I believe this bug occurs during the .195t.ccp4 pass that was introduced by the commit identified above, where tree-ssa-propagate.c's substitute_and_fold_engine appears not to correctly handle the situation of a completely empty basic block (or the CFG flags describing it are incorrect). Things are fine (but unusual) with the incoming GIMPLE: <bb 11> [local count: 69772953]: # i_30 = PHI <i_16(10)> # h_lsm.23_40 = PHI <h_lsm.23_29(10)> if (g.12_20 != 0) goto <bb 12>; [50.00%] else goto <bb 13>; [50.00%] <bb 12> [local count: 282263306]: <bb 13> [local count: 69772953]: # h_lsm.23_27 = PHI <h_lsm.23_40(11), 2(12)> _31 = i_30 != 0; _14 = _10 & _31; if (_14 != 0) goto <bb 14>; [25.00%] else goto <bb 15>; [75.00%] Notice that the only purpose of the empty bb12 is to define the phi eddges into bb13, one edge sets h_lsm to 2, the other doesn't.
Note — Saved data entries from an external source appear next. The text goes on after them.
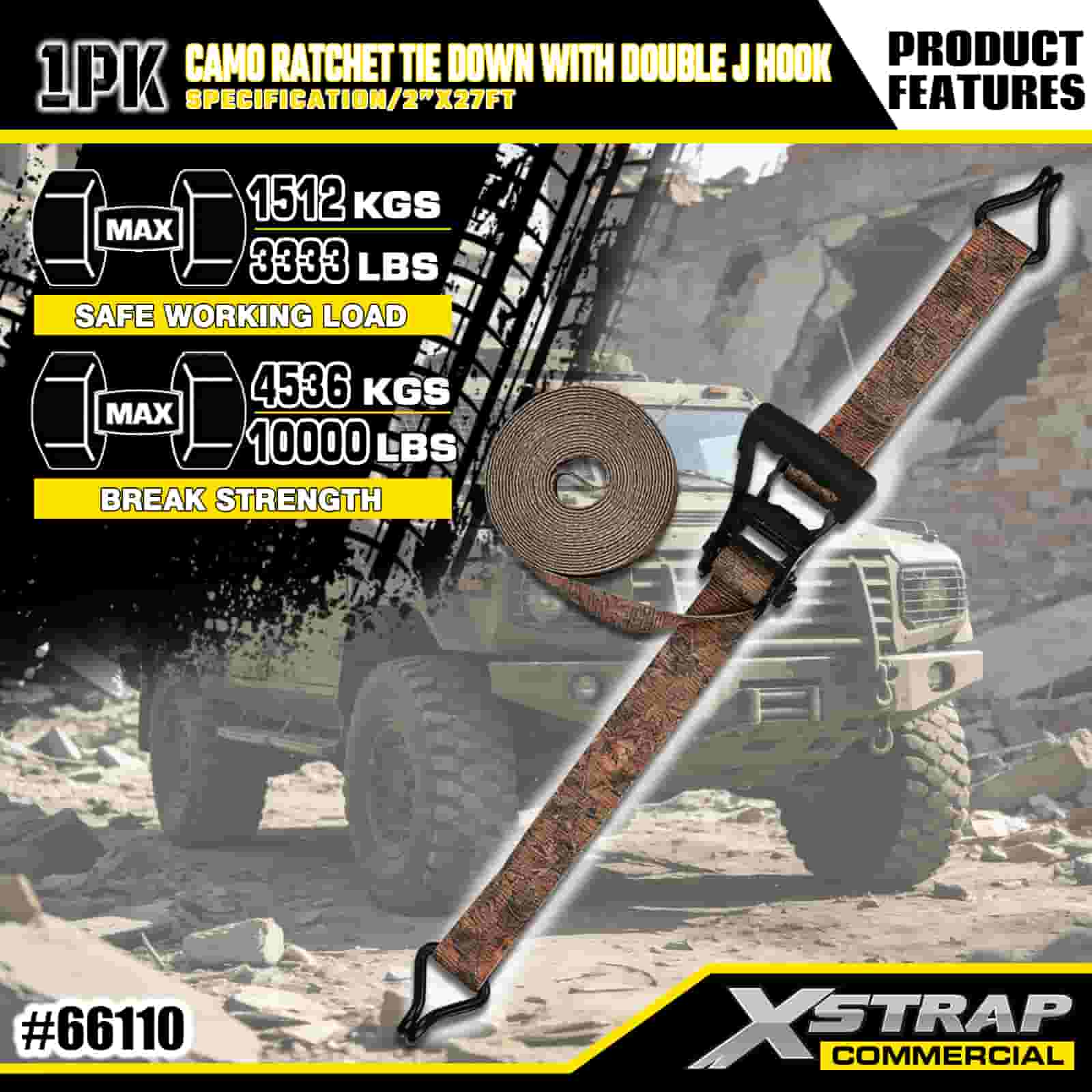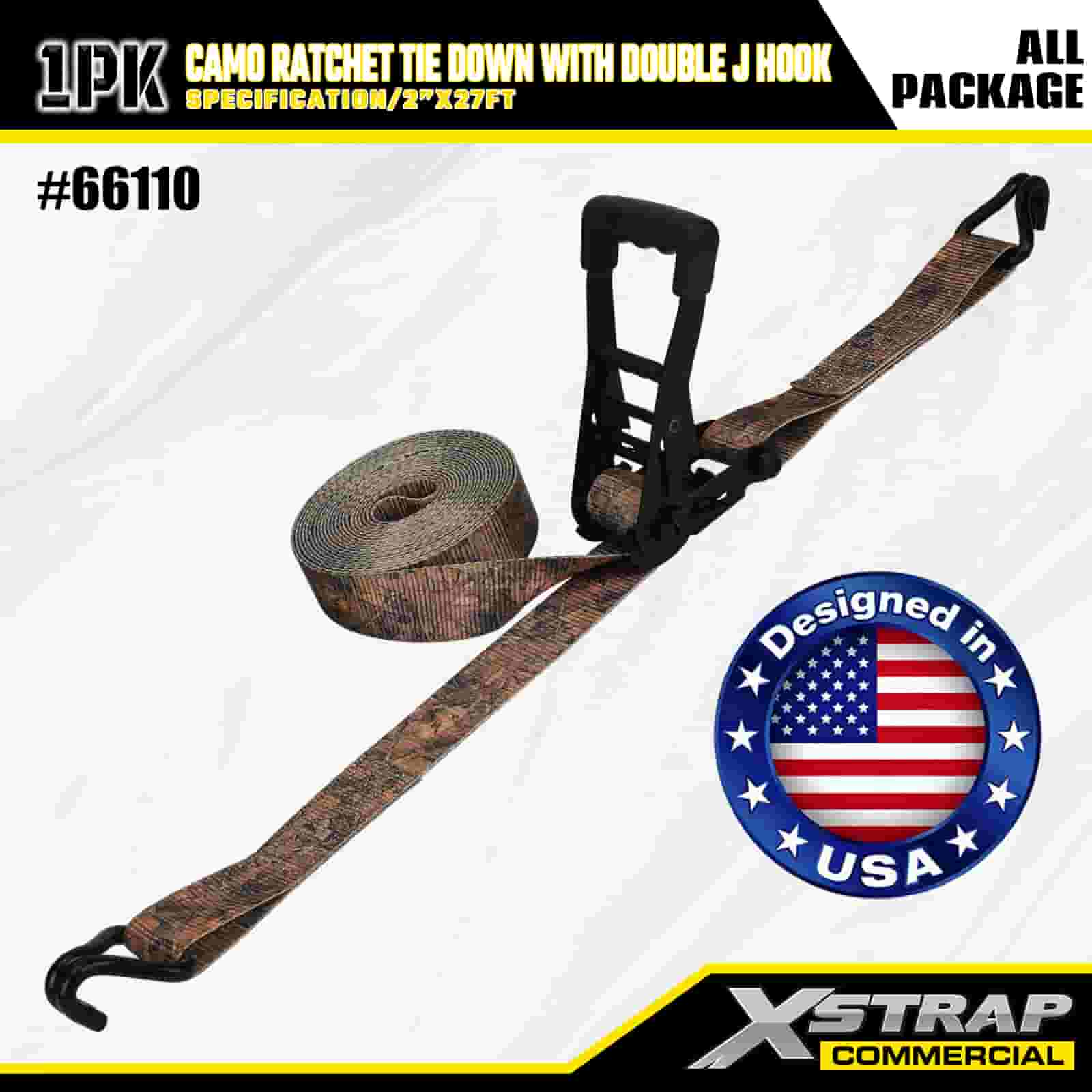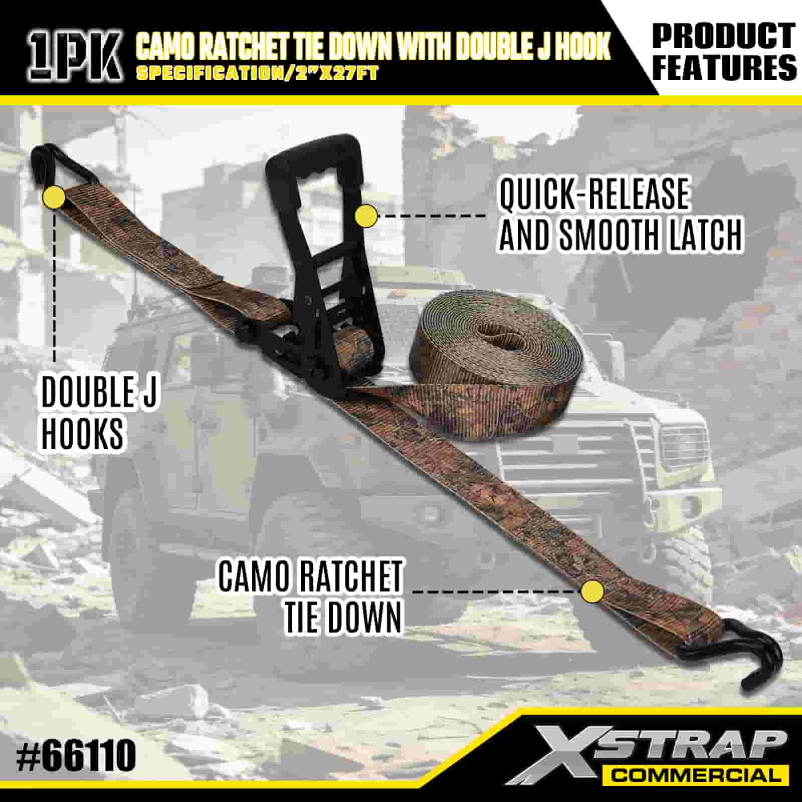 Xstrap CAMO Ratchet Uvazovací s dvojitými J háky , 2” x 27' Polyesterový upínací popruh Stahovací ráčnový popruh, Kapacita 3333 lbs Uvazovací popruhy pro zajištění nákladu s Dvojitými J háky pro pickup s řízením nákladu, SUV, motocykly s horním stojanem.
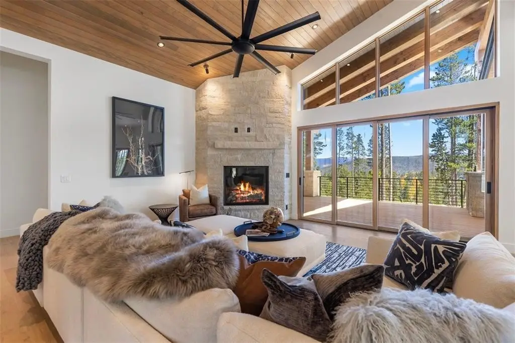 Introducing 226 Barton Way – a brand-new luxury mountain retreat nestled at the end of a private road in one of Breckenridge’s most exclusive settings. This stunning 5-bedroom, 7-bathroom estate spans 4,356 square feet, with an additional 840-square-foot 3-car garage and over 1,500 square feet of outdoor living spaces. Enjoy spectacular mountain views, privacy, and easy access to national forest trails and world-class skiing. Crafted with precision and designer finishes throughout, this home features vaulted ceilings, wide-plank white oak flooring, radiant heat, and custom cabinetry by Cutting Edge Woodworking. The gourmet kitchen is equipped with premium Sub-Zero, Wolf, and Cove appliances, quartzite countertops, and a large island with seating for 8. The main-level primary suite boasts a private deck, floor-to-ceiling limestone fireplace, and spa-inspired bathroom. The lower level includes four spacious en-suite bedrooms, a family room with fireplace and wet bar, and direct walk-out access to the patio with built-in gas fire pit and Bullfrog hot tub. Exterior highlights include cedar, standing seam metal, and stone siding, oversized decks, and a fully finished heated garage with smart access. This is refined mountain living—brand new, move-in ready, and unmatched in both design and location. This is staged furniture but negotiable to purchase.
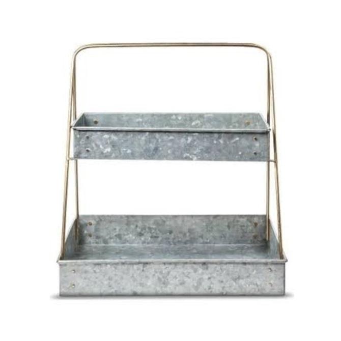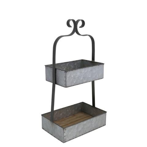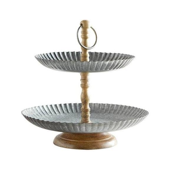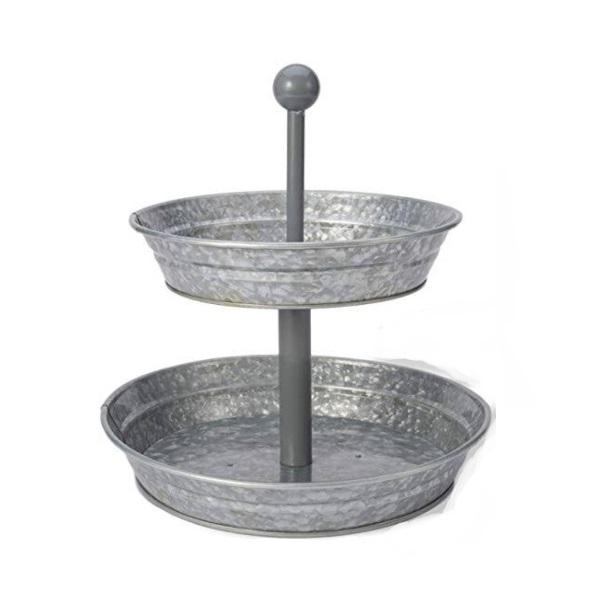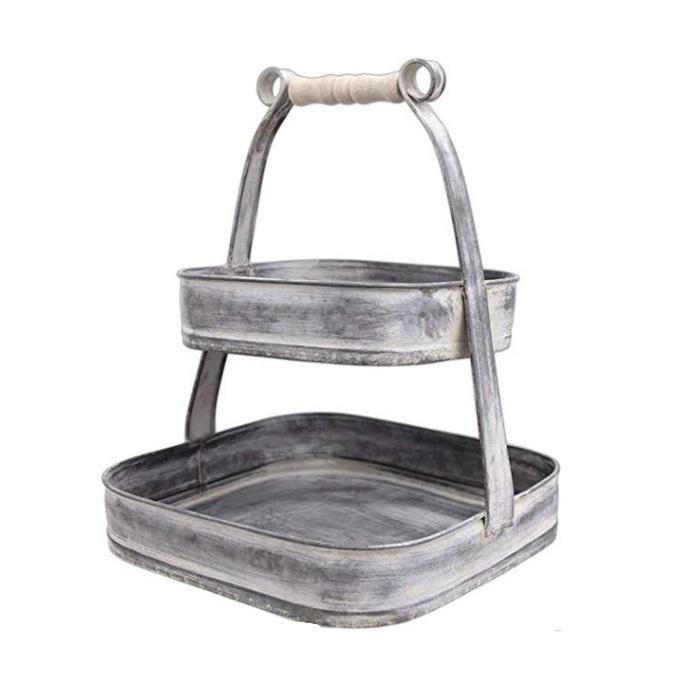 Bandeja Rectangular de 2 niveles para servir comida, bandeja de Metal galvanizado plateado, para decoración del hogar
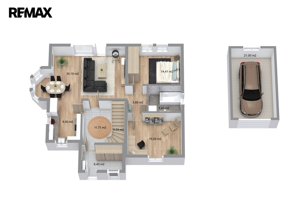 Interiér domu je velmi dobře dispozičně řešen a nabízí více než pět pokojů, které snadno přizpůsobíte potřebám vaší rodiny. Pokoje jsou prostorné a světlé. Moderní vybavení zajistí pohodlí vaší rodiny.
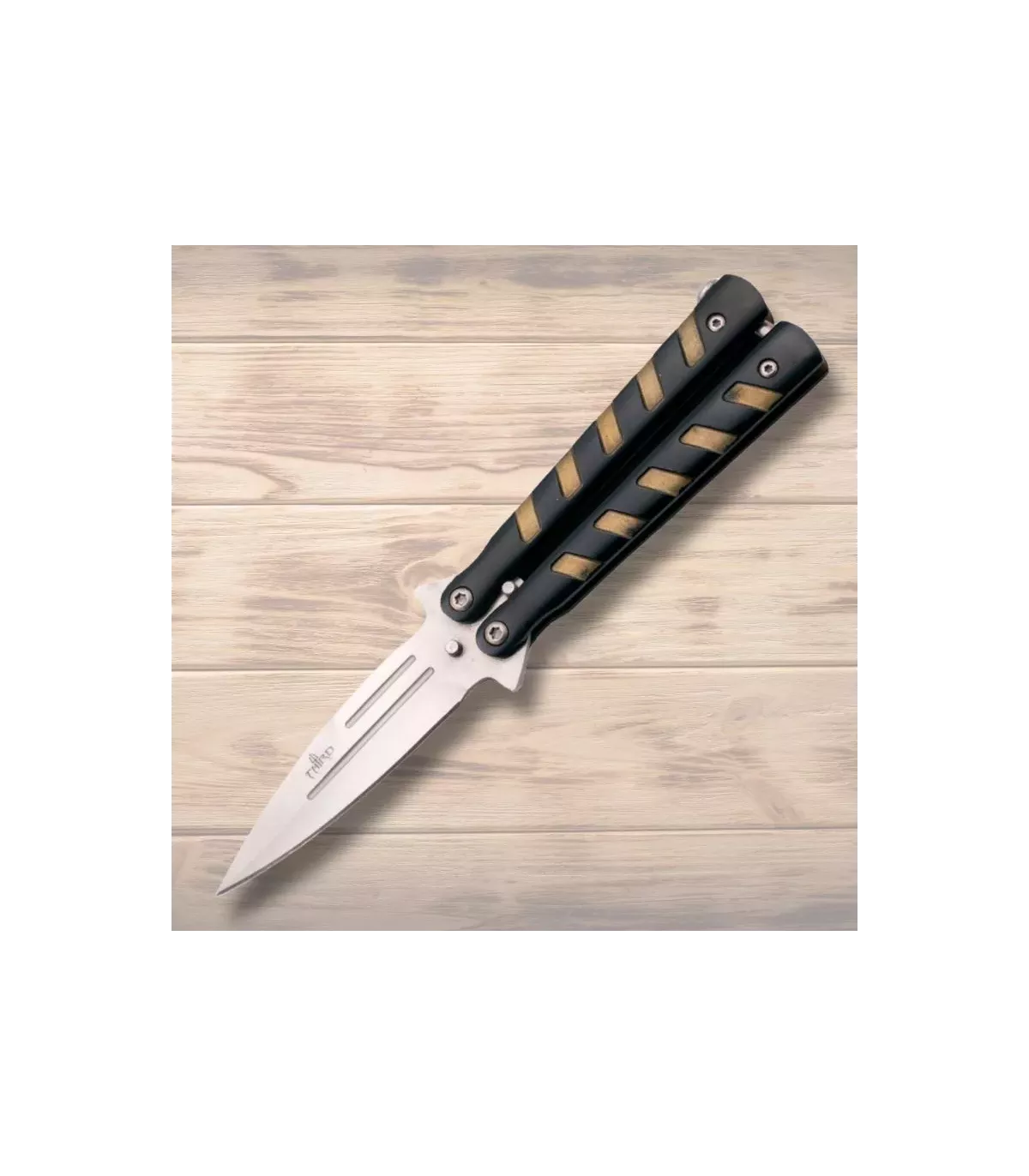 Procura uma ferramenta elegante e funcional que se destaque pelo seu estilo e praticidade? Esta faca tipo borboleta oferece exatamente isso, combinando um design sofisticado com uma excelente qualidade nos seus materiais. Seu acabamento preto com detalhes dourados no cabo de aço inoxidável confere um toque distinto, ideal para quem aprecia produtos com carácter e bom gosto.
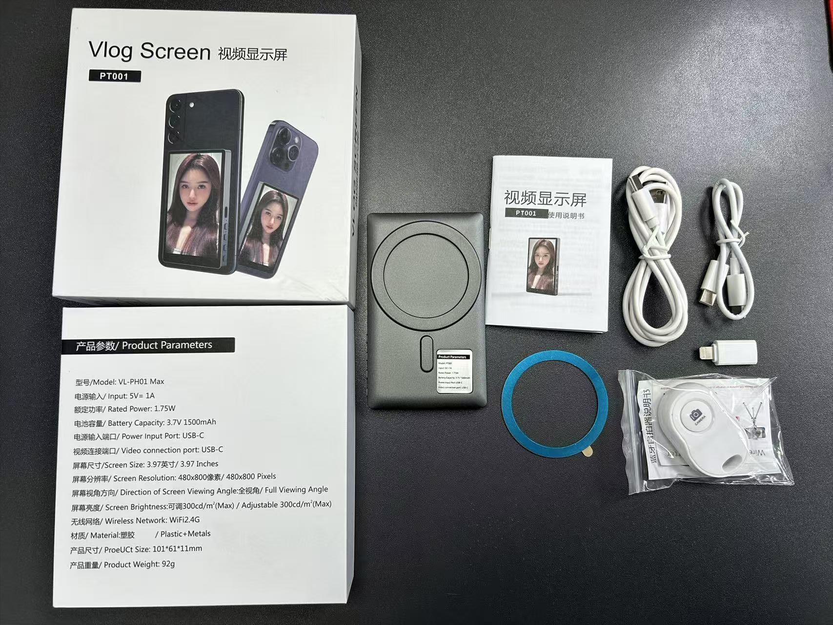 功能:自拍、同屏、充电(可有线连接,也可无线连接,带充电功能)
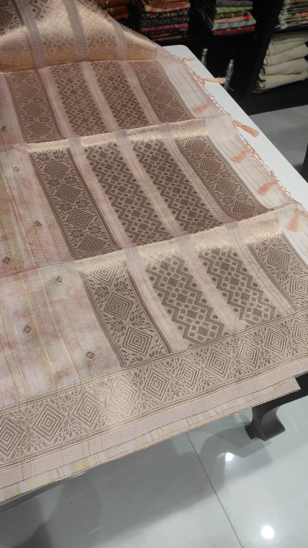Light Onion Pink Semi Kora Silk Saree - E5892
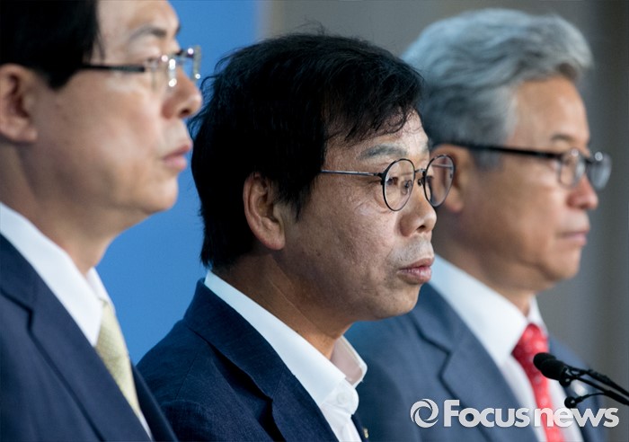 (서울=포커스뉴스) 13일 오전 서울 여의도 국회 정론관에서 이완영(경북 고령·성주·칠곡, 가운데) 새누리당 의원과 이만희(왼쪽), 이철우 의원이 사드 대구 및 경북지역 사드배치와 관련 항의 기자회견을 하고 있다.
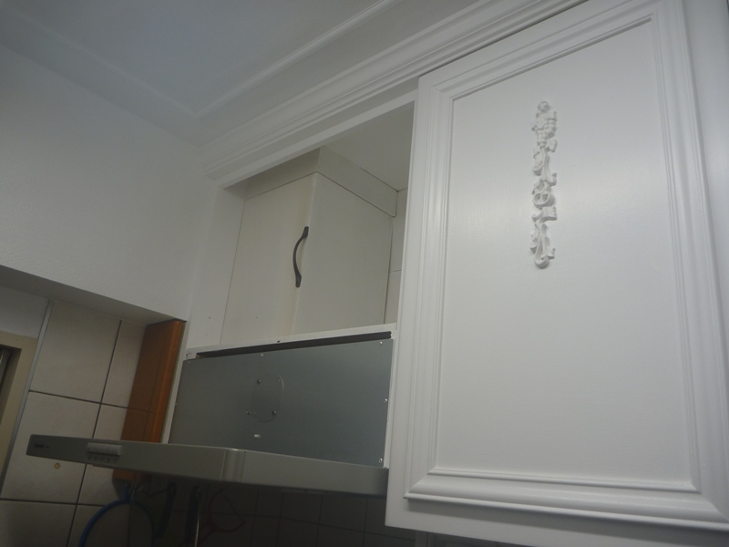 さて、昨日と一昨日にレンジフードの上に戸棚と扉を作りました。
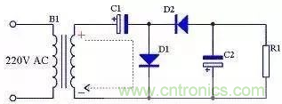 二倍壓整流電路還有另外一種形式的畫法,見圖15,其原理與圖12完全一致,只是表現(xiàn)形式不一樣。
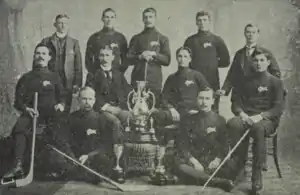 The Winnipeg Victorias were a former amateur senior-level men's amateur ice hockey team in Winnipeg, Manitoba, organized in 1889.[1] They played in the Manitoba Hockey Association (MHA) in the late 19th and early 20th centuries. The Victorias won the Stanley Cup in February 1896, 1901 and January 1902 while losing the Cup in December 1896, February 1899, February 1900, March 1902, and February 1903. After the Stanley Cup became the professional championship, the Victorias continued in senior-level amateur play, winning the Allan Cup in 1911 and 1912.

Alas, this logic gets overlooked by ccp4, where TDF_DETAILS reports: Folding PHI node: h_lsm.23_40 = PHI <h_lsm.23_29(10)> No folding possible Folding PHI node: h_lsm.23_27 = PHI <h_lsm.23_40(11), 2(12)> Queued PHI for removal. Folds to: 2 ... Removing basic block 12 ;; basic block 12, loop depth 1 ;; pred: ;; succ: 13 Merging blocks 11 and 13 And things do downhill from there. Alas I'm still trying to figure exactly how the "Folds to: 2" is (mis)deduced, but I thought I'd share my analysis so far so that a real tree-ssa expert can confirm what's supposed to happen. A useful workaround for debugging is: diff --git a/gcc/passes.def b/gcc/passes.def index 26d86df..c2806bc 100644 --- a/gcc/passes.def +++ b/gcc/passes.def @@ -339,7 +339,9 @@ along with GCC; see the file COPYING3. If not see /* Threading can leave many const/copy propagations in the IL. Clean them up. Instead of just copy_prop, we use ccp to compute alignment and nonzero bits. */ +#if 0 NEXT_PASS (pass_ccp, true /* nonzero_p */); +#endif NEXT_PASS (pass_warn_restrict); NEXT_PASS (pass_dse); NEXT_PASS (pass_cd_dce, true /* update_address_taken_p */); Another workaround, for this particular testcase, is -fno-tree-loop-sm, but the real culprit (as shown above) is inside pass_ccp (or in the invariants it's relying on).
# i_16 = PHI <i_25(D)(21), i_17(9)> .... _22 = (unsigned int) i_16; _48 = -_22; _49 = _39 - _22; h_lsm.23_29 = (int) _49; Somehow or another h gets its value from i which causes the incorrect code. ccp is not at fault.
GCC does warn about an unitialized variable i even in "i && d" For: if (!b) i &&d; b is even set to 1. Note setting b to be 0 still get the wrong code.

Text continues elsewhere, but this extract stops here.